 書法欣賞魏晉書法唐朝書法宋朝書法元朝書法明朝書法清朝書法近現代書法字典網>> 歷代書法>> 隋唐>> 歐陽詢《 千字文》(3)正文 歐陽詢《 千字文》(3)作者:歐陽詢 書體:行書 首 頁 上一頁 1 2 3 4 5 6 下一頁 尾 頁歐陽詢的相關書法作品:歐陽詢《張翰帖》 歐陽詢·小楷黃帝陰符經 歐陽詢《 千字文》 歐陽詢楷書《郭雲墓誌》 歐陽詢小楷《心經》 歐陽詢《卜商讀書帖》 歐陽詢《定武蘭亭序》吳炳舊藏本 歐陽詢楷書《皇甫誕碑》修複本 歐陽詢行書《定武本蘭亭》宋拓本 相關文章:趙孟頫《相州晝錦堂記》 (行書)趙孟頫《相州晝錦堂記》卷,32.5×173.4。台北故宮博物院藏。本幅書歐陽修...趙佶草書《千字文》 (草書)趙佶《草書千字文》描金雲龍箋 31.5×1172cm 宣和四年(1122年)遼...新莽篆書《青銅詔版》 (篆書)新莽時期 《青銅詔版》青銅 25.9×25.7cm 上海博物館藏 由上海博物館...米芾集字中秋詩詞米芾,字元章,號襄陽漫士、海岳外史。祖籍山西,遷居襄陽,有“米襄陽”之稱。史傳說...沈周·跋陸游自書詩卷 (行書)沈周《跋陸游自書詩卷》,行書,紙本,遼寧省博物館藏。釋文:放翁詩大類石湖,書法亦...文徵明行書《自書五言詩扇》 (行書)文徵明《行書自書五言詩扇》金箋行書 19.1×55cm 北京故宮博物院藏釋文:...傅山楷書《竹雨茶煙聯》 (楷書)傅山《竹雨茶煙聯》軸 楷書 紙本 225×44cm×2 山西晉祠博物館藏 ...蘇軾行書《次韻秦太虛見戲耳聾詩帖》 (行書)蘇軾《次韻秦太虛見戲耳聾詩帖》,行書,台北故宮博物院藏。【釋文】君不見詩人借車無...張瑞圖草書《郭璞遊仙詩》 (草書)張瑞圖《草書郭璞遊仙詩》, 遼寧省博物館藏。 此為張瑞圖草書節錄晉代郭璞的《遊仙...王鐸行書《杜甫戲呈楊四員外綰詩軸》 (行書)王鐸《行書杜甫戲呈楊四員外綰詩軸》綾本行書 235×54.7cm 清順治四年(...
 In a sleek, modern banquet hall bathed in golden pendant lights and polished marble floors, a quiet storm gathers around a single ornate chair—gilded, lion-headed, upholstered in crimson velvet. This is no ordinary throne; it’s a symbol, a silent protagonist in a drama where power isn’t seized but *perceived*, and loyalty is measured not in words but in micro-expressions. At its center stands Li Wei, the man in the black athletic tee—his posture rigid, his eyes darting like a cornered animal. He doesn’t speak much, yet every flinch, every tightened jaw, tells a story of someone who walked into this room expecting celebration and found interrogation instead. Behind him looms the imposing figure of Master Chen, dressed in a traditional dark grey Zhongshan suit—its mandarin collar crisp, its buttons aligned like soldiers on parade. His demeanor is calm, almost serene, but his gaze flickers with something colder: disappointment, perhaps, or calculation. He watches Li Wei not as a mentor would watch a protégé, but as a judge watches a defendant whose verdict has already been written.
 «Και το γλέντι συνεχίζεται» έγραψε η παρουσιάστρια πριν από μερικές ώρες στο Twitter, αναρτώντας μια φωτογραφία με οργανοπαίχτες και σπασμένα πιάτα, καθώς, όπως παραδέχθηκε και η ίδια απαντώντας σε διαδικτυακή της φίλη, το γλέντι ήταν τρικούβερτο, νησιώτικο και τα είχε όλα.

########

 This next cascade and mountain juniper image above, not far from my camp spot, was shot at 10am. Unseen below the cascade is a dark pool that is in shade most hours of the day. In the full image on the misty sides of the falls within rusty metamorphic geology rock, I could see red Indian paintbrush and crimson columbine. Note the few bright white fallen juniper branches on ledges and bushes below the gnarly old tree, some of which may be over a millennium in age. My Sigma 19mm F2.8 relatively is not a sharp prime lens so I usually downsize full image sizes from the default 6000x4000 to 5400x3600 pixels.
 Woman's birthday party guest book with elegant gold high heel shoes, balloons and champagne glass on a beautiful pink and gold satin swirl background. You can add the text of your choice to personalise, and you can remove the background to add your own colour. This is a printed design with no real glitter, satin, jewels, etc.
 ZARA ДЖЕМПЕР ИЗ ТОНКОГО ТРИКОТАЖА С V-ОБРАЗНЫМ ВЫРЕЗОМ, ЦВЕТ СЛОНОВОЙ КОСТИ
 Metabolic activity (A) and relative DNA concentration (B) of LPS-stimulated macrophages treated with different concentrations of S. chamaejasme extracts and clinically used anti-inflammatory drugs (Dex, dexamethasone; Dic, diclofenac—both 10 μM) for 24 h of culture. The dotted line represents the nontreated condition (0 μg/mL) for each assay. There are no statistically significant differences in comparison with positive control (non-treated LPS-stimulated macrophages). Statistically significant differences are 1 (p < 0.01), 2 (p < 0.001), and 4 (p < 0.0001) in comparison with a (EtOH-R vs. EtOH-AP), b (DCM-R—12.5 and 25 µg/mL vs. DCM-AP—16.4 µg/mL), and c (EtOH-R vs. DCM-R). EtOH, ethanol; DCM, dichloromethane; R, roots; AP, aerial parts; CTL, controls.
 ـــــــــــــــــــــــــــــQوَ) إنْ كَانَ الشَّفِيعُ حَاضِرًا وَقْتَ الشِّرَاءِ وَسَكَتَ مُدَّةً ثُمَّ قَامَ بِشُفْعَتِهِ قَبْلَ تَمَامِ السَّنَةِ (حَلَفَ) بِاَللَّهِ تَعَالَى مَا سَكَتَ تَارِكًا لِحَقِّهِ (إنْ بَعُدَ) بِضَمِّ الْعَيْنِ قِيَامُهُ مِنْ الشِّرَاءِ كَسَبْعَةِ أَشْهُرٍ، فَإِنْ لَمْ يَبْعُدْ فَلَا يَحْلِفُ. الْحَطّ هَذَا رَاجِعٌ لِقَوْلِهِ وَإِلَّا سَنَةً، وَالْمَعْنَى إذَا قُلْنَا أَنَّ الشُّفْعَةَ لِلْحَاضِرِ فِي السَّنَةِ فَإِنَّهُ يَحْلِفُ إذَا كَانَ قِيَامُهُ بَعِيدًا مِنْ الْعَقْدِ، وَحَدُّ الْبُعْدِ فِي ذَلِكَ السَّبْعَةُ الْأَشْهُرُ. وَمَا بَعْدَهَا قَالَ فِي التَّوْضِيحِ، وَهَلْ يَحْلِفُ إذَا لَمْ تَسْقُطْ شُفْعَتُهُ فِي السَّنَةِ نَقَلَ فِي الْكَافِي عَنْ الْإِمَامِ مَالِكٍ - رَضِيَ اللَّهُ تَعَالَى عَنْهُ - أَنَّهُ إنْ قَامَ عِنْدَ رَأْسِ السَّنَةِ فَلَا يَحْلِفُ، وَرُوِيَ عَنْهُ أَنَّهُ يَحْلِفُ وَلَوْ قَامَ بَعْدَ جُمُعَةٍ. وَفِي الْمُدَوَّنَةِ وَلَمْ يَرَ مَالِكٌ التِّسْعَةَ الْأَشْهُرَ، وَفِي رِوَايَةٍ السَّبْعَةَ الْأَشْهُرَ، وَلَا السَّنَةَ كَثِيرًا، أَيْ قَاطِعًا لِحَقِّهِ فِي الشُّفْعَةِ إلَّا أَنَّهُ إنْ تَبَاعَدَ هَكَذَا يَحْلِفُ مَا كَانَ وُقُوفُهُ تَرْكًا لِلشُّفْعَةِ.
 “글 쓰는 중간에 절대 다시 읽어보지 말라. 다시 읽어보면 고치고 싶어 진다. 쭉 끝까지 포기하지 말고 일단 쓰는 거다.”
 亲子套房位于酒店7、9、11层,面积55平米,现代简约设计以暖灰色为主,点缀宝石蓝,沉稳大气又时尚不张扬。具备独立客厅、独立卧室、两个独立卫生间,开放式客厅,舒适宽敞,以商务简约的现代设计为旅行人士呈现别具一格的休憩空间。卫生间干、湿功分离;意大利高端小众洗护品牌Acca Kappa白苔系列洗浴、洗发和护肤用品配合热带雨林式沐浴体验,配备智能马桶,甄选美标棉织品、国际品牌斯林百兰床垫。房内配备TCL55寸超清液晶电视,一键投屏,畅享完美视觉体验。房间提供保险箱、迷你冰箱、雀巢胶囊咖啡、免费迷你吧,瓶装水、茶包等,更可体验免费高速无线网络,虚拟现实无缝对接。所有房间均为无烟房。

########

EXERCISE REQUIREMENTS.
Out of the data above, transcribe exactly and only the lines starting with the line that has "다시 읽어보지 말라." and going on through the line that has "亲子套房位于酒店7、9、11", both included.

WRITTEN ANSWER.
 “글 쓰는 중간에 절대 다시 읽어보지 말라. 다시 읽어보면 고치고 싶어 진다. 쭉 끝까지 포기하지 말고 일단 쓰는 거다.”
 亲子套房位于酒店7、9、11层,面积55平米,现代简约设计以暖灰色为主,点缀宝石蓝,沉稳大气又时尚不张扬。具备独立客厅、独立卧室、两个独立卫生间,开放式客厅,舒适宽敞,以商务简约的现代设计为旅行人士呈现别具一格的休憩空间。卫生间干、湿功分离;意大利高端小众洗护品牌Acca Kappa白苔系列洗浴、洗发和护肤用品配合热带雨林式沐浴体验,配备智能马桶,甄选美标棉织品、国际品牌斯林百兰床垫。房内配备TCL55寸超清液晶电视,一键投屏,畅享完美视觉体验。房间提供保险箱、迷你冰箱、雀巢胶囊咖啡、免费迷你吧,瓶装水、茶包等,更可体验免费高速无线网络,虚拟现实无缝对接。所有房间均为无烟房。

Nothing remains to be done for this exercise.